Imbalanced Th17/Treg axis in hidradenitis suppurativa

Imbalanced Th17/Treg axis in hidradenitis suppurativa

August 24, 2018

First published: 24 August 2018;
This summary relates to
British Journal of Dermatology, 179, 260–272, August 2018


Hidradenitis suppurativa (HS) is a serious skin disease that causes painful abscesses in the arm pits, groin, buttocks and anogenital region. HS affects approximately 1% of the population and is more common in females. Obesity and smoking are well-known risk factors promoting HS. HS is often associated with other autoimmune diseases. A hallmark of HS is the disintegration of terminal hair follicles surrounded by inflammatory cells. Although the underlying cause of HS is not fully understood, evidence suggests deviations of the immune system. Research has shown an imbalance of immune cells, with increased numbers of pro-inflammatory (inflammation-causing) Th17 cells compared to anti-inflammatory regulatory T cells (Tregs), which is called an increased Th17/Treg ratio. It was the aim of this study from the German Universities of Osnabrück and Munich to clarify whether obesity and smoking promote the Th17/Treg imbalance, which could be confirmed in their study.
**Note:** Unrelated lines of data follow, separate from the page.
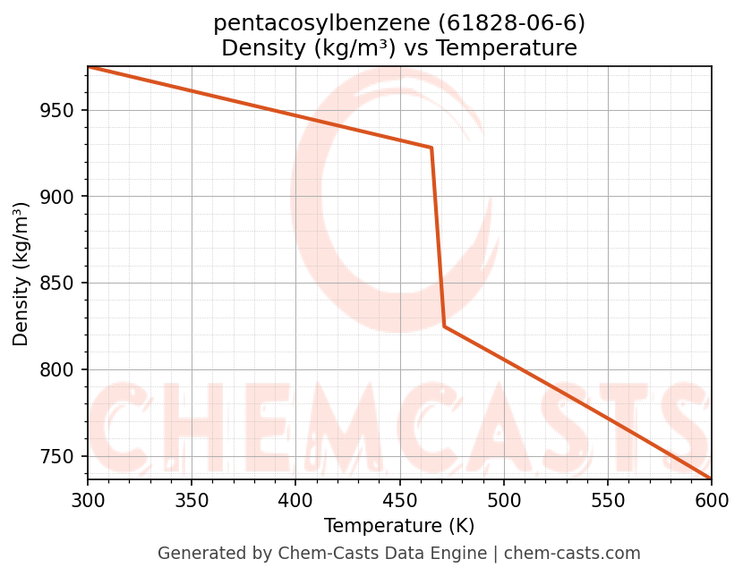 This page presents the temperature-dependent thermodynamic and transport properties of pentacosylbenzene (CAS 61828-06-6) calculated at a constant pressure of 1 atm (101325 Pa) over the temperature range 250-500 K.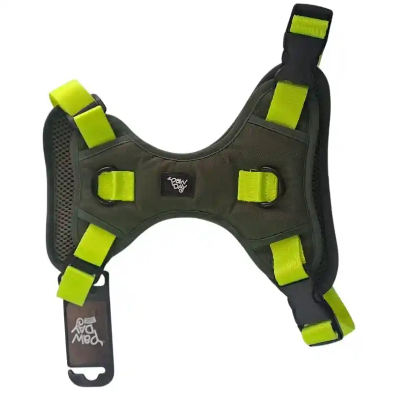 Paw Day - Arnes Essential Verde Militar - Amarillo Neón - L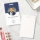 Este cartão de identificação de funcionário vertical branco e azul marinho minimalista apresenta tipografia moderna e design simples. Personalize-o com sua foto, logotipo, nome, cargo, texto personalizado e URL.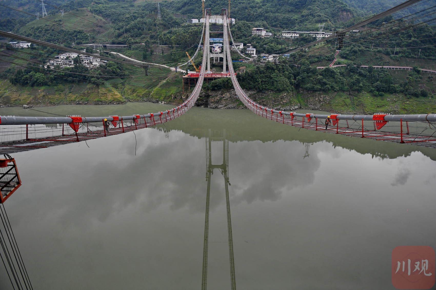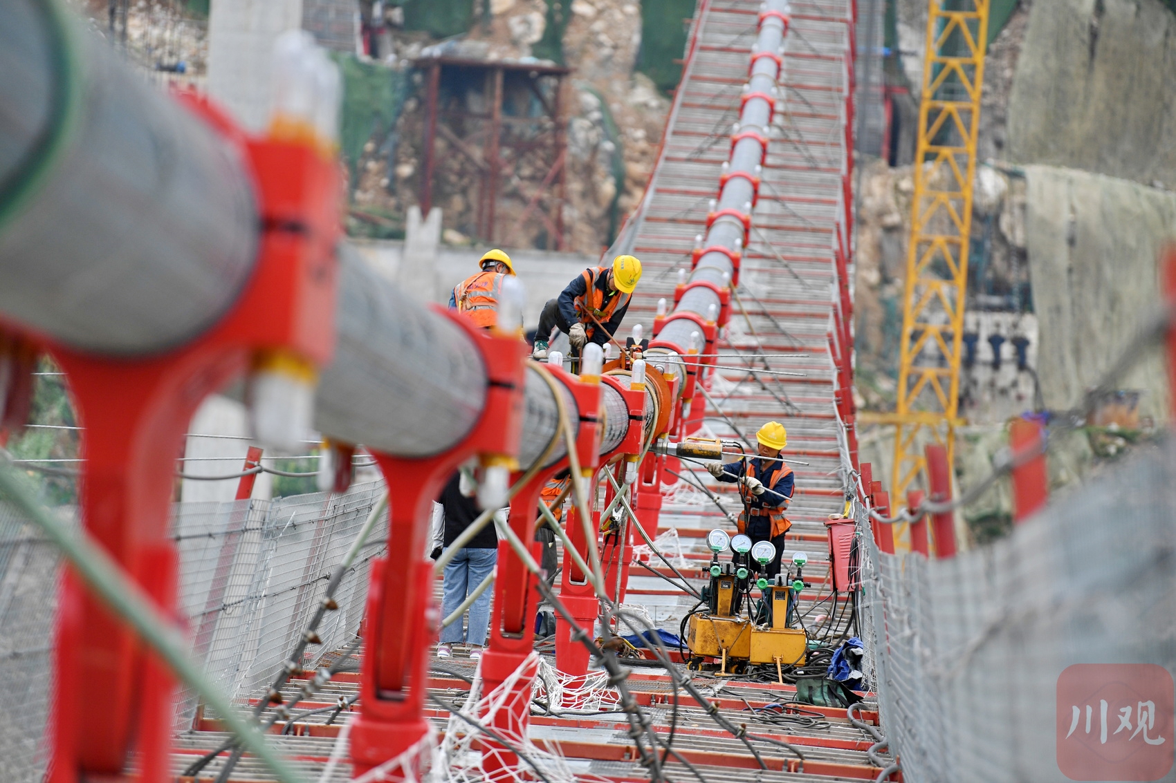 汶川縣境內(nèi)的國道317線友誼隧道至映秀段改建工程現(xiàn)場,施工人員在懸索橋主纜上作業(yè)。李向雨 攝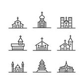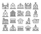 ikony linii budynków miejskich. zestaw liniowy. zestaw linii wektorowych jakości, takich jak kościół, domek, obserwatorium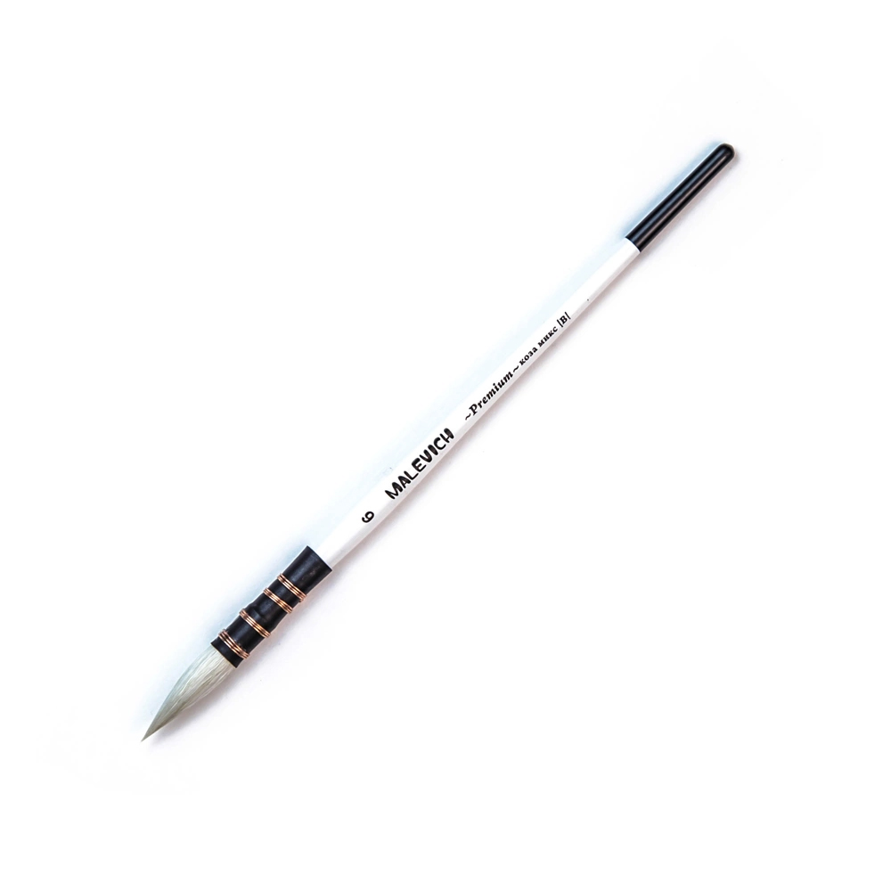 Серия Premium – кисти для профессиональной работы акварелью, каллиграфии и китайской живописи. Микс натурального козьего ворса и специальной мягкой синтетики позволяет получить управляемую кисть, которая держит много воды и краски. Тонкий кончик позволяет прорабатывать мелкие детали, а большой объем пучка удобен для заливок. Французский тип крепления пучка, ручная скрутка. Лакированная березовая ручка длиной 15 см белого цвета.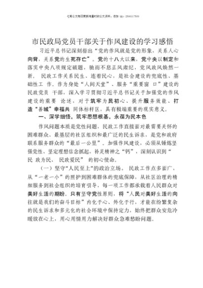 【七哥公文】2025年:市民政局党员干部关于作风建设的学习感悟+更多免费公文+VX:QiGeGongWen2024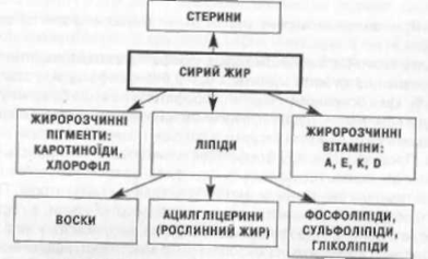 Ліпіди і розчинні в них супутні речовини, що екстрагуються із борошна органічними розчинниками, називають сирим жиром, його приблизний склад показаний на рис.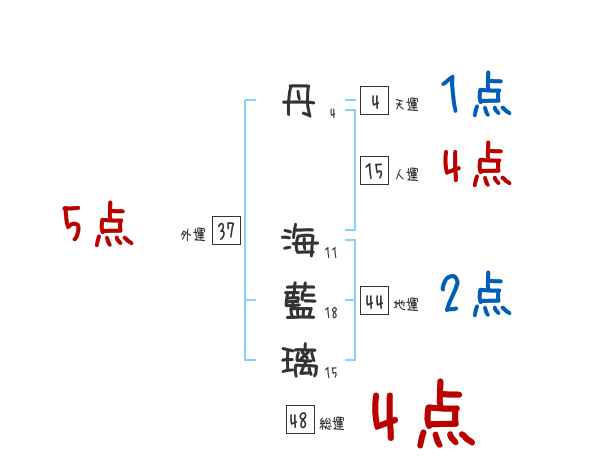 天運![]() | 丹海藍璃さんの天運は4画の1つ星!感情が不安定で苦労するかも。周囲との協調を心掛けましょう。 家系が持つ宿命的な運勢を表します。祖先から受け継いだ苗字ですので自分の力が及びません。家柄を象徴します。 |
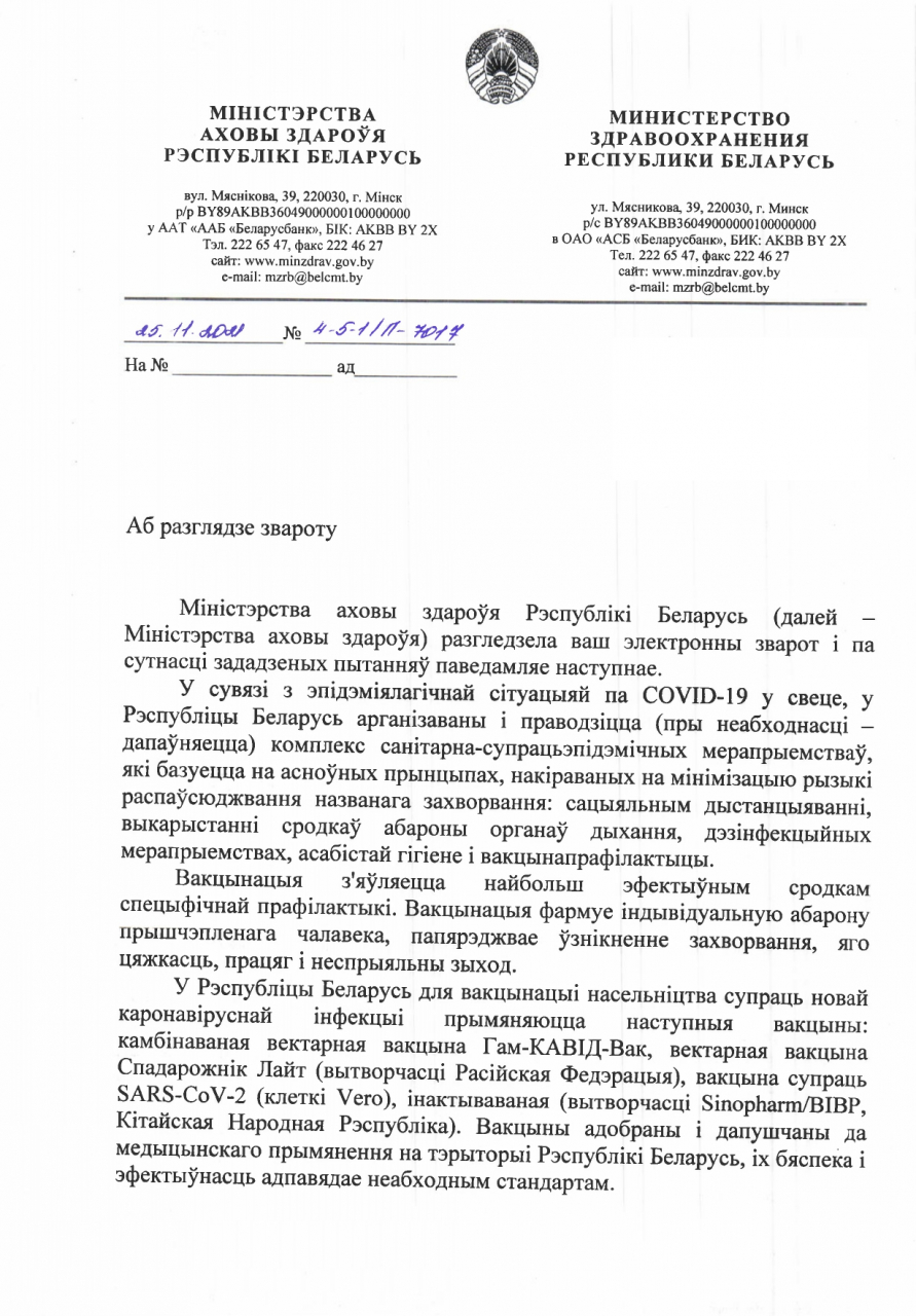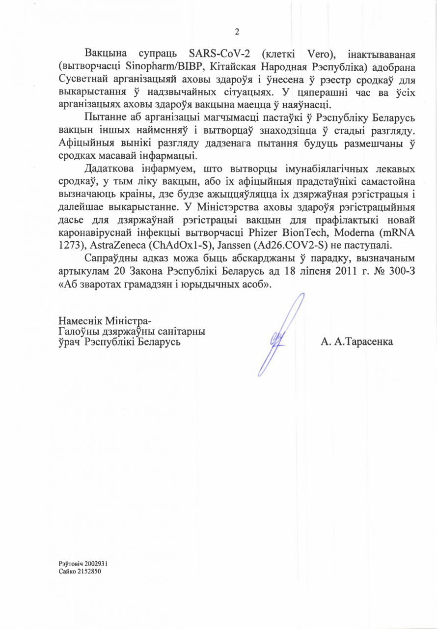 Пытанне аб арганізацыі магчымасці пастаўкі ў Рэспубліку Беларусь вакцын іншых найменаванняў і вытворцаў (акрамя Гам-КАВІД-Вак, Спадарожнік Лайт вытворчасці Расійскай Федерацыі і вытворчасці Sinopharm/BIPB Кітайскай Народнай Рэспублікі) знаходзіцца ў стадыі разгляду. Афіцыйныя вынікі разгляду дадзенага пытання будуць размешчаны ў СМІ.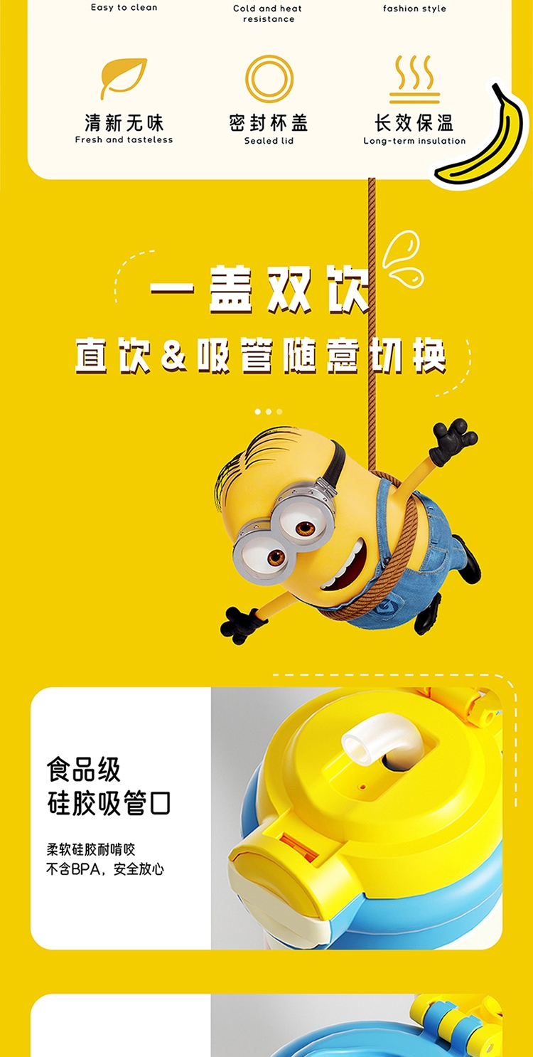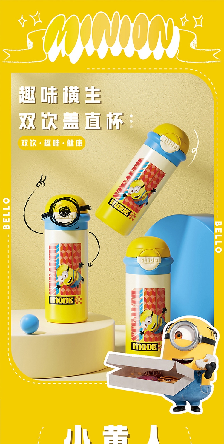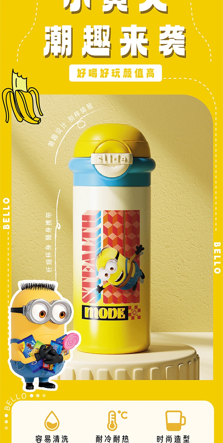 杯身印有经典的小黄人图案,色彩鲜艳、造型可爱;杯子采用高品质材料制成,确保了产品的耐用性和安全性;具备保温功能,采用双层真空设计,能有效保持水温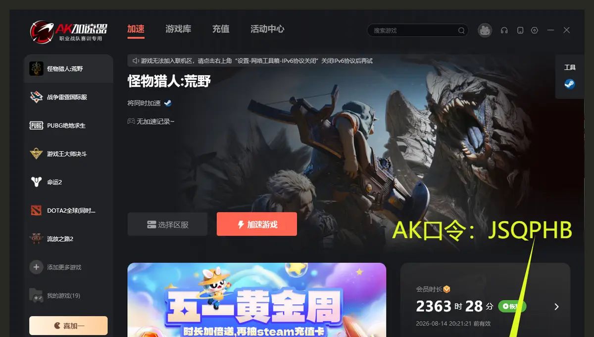 目前,就为大家揭晓AK加速器PC端的兑换码:JSQPHB、AK7878、AK6868、AK8989、niaoshuo。这些兑换码就像是一把把神奇的钥匙,能为你开启免费加速时长的大门,让你在《怪物猎人:荒野》的世界里尽情驰骋,无需再为网络问题而担忧。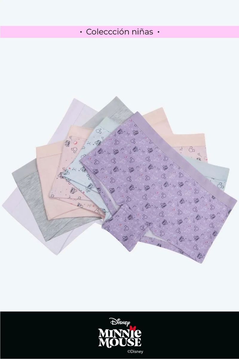Descubre la nueva colección Disney, una encantadora línea del segmento Kids .Paqueteria x5 de panties con silueta tipo bóxer que ofrece una excelente cobertura en las piernas, brindando comodidad y libertad de movimiento. Confeccionados en un material que combina la resistencia del poliester y la frescura del algodón. Cuentan con un elástico delicado que se adapta suavemente a la cintura y un refuerzo en algodón para mayor frescura e higiene en la zona íntima. Una prenda ideal para el día a día.
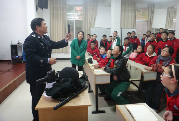 近日,县公安部门民警走进校园开展法制宣传,通过实例向县育才中学120余名中学生讲解了青少年犯罪原因及其预防对策,有效提高了广大学生的法制观念和守法意识。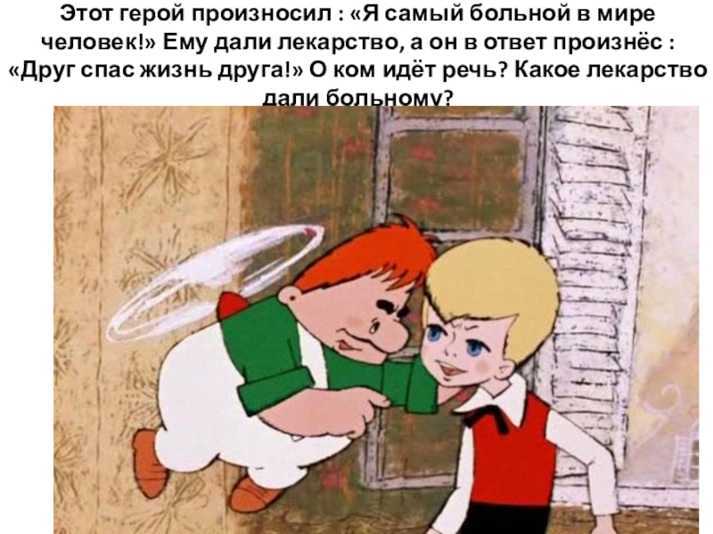 Слайд 38Этот герой произносил : «Я самый больной в мире человек!» Ему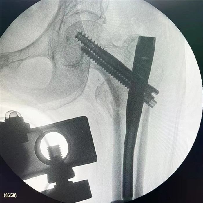在手術(shù)團(tuán)隊(duì)及患者家屬的大力支持下,羅軍主任團(tuán)隊(duì)為洪阿婆實(shí)施了閉合復(fù)位INTERTAN內(nèi)固定術(shù)。雖然手術(shù)風(fēng)險(xiǎn)較大,但憑借精湛的技術(shù)及豐富的臨床經(jīng)驗(yàn),手術(shù)十分成功而且僅僅用了1個(gè)小時(shí),術(shù)中出血不多,術(shù)后患者恢復(fù)得很好,第二天就可以在起床活動(dòng),極大的提高了患者的生活質(zhì)量,避免了長期臥床造成的并發(fā)癥。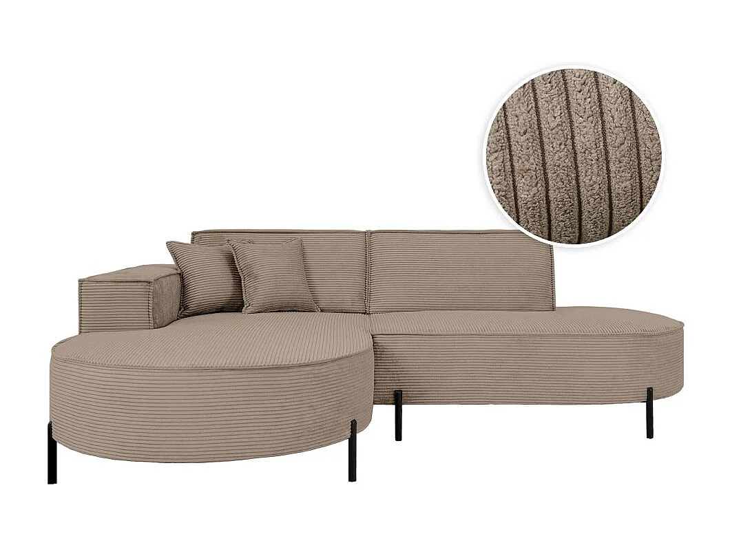 Canapé d'angle gauche 4 places MARLON en velours côtelé - Taupe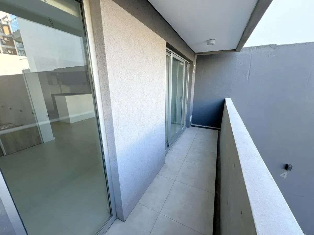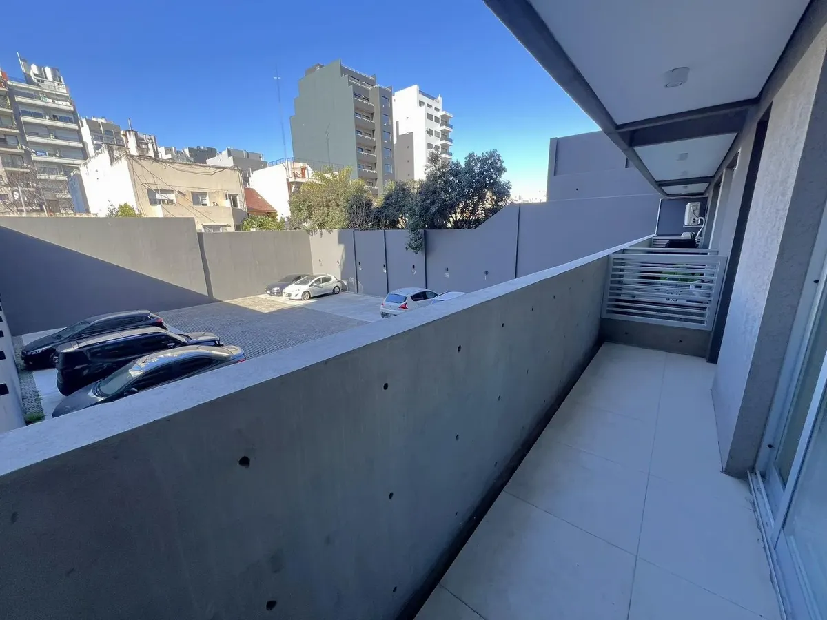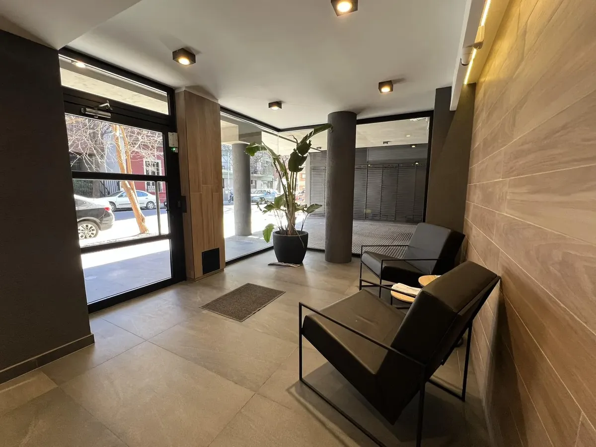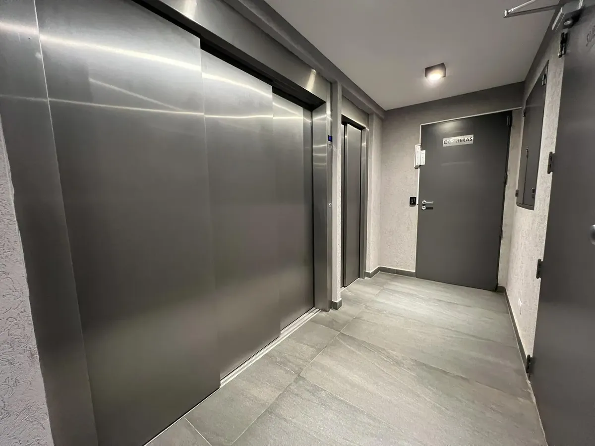 Квартира-студия в Flores, 1-й этаж, окна во двор/контра-фронт (балкон по всей длине). Ориентация на восток. В помещении плиточный пол, кухня в формате open space с газовой плитой и встроенной зоной для стирки, тёплая вода от электрического термонакопителя. Есть встроенный шкаф и ванная комната с ванной, сплит-кондиционер (холод/тепло). Окна из анодированного алюминия со стеклопакетами (DVH). В здании 2 лифта, один из них грузовой, рассчитан на 10 человек. На крыше: общая гостиная для жильцов (SU

Notably, Tregs interact with hair follicle stem cells and thereby maintain hair follicle integrity, which is disturbed in HS. Furthermore, the investigators showed that other diseases that are associated with HS also have an increased Th17/Treg ratio, pointing to a common cause. Different drugs have beneficial effects in HS treatment. The authors wondered whether these drugs may normalize the increased Th17 cell numbers and/or enhance Treg cell numbers, which was supported by their study. The authors concluded that imbalances of Th17 and Treg cells is a feature of the immune system in HS, which can help guide future treatments.